- Original language: English
- Written by: Rhondda Johnson

Premiere
- Date: 1990

= Skin (play) =

1990 play by Australian playwright Rhondda Johnson

Skin is a play by Australian playwright Rhondda Johnson that premiered in 1990..

It is about an older woman in a relationship with a young surfer and whose sister disapproves of the relationship.

In September 1995 it was staged at Melbourne brothel The Top of the Town and starred Saskia Post, Trudy Hellier and Torquil Neilson. Ticket sales agent Bass refused to sell tickets as they did not consider it a "recognised performance venues that the general public had access to, including people under 18." The play then moved to Sydney's Club X, an Adult Cinema Complex, and starred Rhondda Johnson, Deborah Piper and Peter Hood.

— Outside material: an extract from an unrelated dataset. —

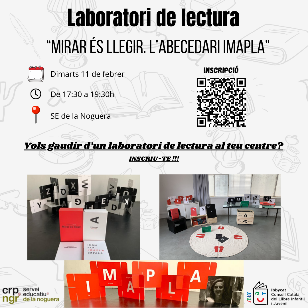 Aquesta sessió estarà oberta a tots els docents de La Noguera. Durant aquesta sessió, es presentarà el laboratori “Mirar és llegir: Abecedari Imapla”, un joc creat a partir de les lletres de l’abecedari. Es presentaran activitats i dinàmiques per treballar als centres.
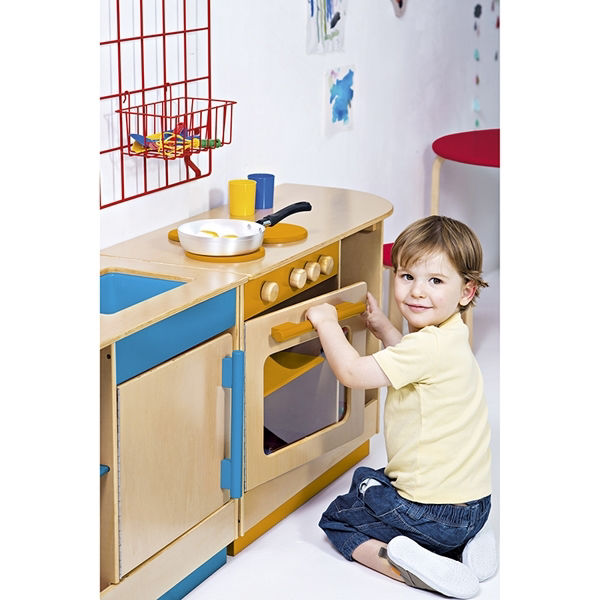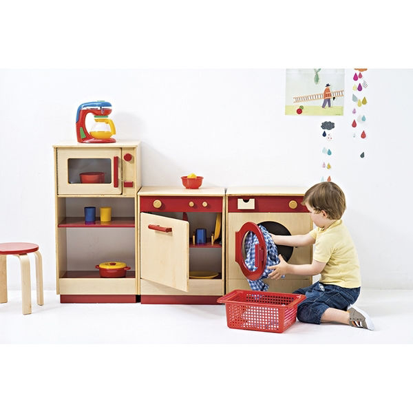 Η οργάνωση της κουζίνας αποκτούν μια ζωντανή και γεμάτη ενέργεια διάσταση με αυτό το στιβαρό κόκκινο ψυγείο της Nathan, το οποίο είναι σχεδιασμένο για να αποτελέσει το επίκεντρο της γωνιάς του σπιτιού. Τα παιδιά έχουν τη δυνατότητα να ταξινομήσουν τα αντικείμενα στα δύο ευρύχωρα εσωτερικά ράφια, ενώ η λεπτομέρεια στην κατασκευή επεκτείνεται και στην πόρτα, η οποία ενσωματώνει δύο επιπλέον θήκες, ιδανικές για την τοποθέτηση μπουκαλιών ή αυγών. Αυτή η διαρρύθμιση ενισχύει την οπτική διάκριση και τη λεπτή κινητικότητα των μικρών χρηστών, προσφέροντας μια απόλυτα ρεαλιστική εμπειρία παιχνιδιού. Η ευελιξία του επίπλου ολοκληρώνεται με την αφαιρούμενη βάση του, η οποία επιτρέπει τη ρύθμιση του ύψους στα 50cm ή τα 55cm, διασφαλίζοντας ότι το ψυγείο παραμένει εργονομικό και προσβάσιμο καθώς τα παιδιά μεγαλώνουν, αποτελώντας μια διαχρονική προσθήκη που αντέχει στον χρόνο και τις καθημερινές δοκιμασίες της φαντασίας. Διαστάσεις: 42x34x50cm/55cm (με τη βάση)

It had similar ticket issues with ticket sales agent Ticketek.

The Age's Peter Weiniger says "In 'Skin' Rhondda Johnson has chronicled the dilemma and agonies of the single woman approaching middle-age, suspended between desire and despair, confusion and betrayal. Coming to terms with it all is a painful process, shedding doctrines, lovers and options like a snake sheds its skin to survive. The chosen metaphor, however, emerges more as a punchline than a theme, and for all its insights, the play takes too long to make this point.". Pamela Payne of the Sydney Morning Herald writes "Skin is theatre that wears its good intentions right up front. And that's endearing. But it's not enough. Johnson might well know what she wants to say: but her theatrical craft falls short of her conviction." Also in the Sydney Morning Herald James Waites writes "This is one of those very rare works entirely devoid of worth." He later notes "The play is no more than the ramblings of someone in possession of some very confused ideas about self-worth." In the Age Stephen Carroll says "But this play never quite comes to life. It's heavily reliant on dialogue and remains too much an enacted discussion of the issues involved. When this works it's intensely absorbing, but the dialogue in 'Skin' is a little too mundane. Still. it raises important issues, and the discussions afterwards were pretty animated." Simon Hughes of the Australian Financial Review noted "The evening becomes a tag team tirade, a contest of who can bore the other into submission" and comments on the choice of a brothel as the venue, "So why was Skin staged in a brothel? No good reason. Nice marketing, guys. Pity about the play." Kristy Machon in Lesbians on the loose finishes "Skin is like a bad, hetero, one-night stand. It promises much, but once between the sheets, it goes through the motions, fumbles in the dark, misses the point — then passes out before the climax."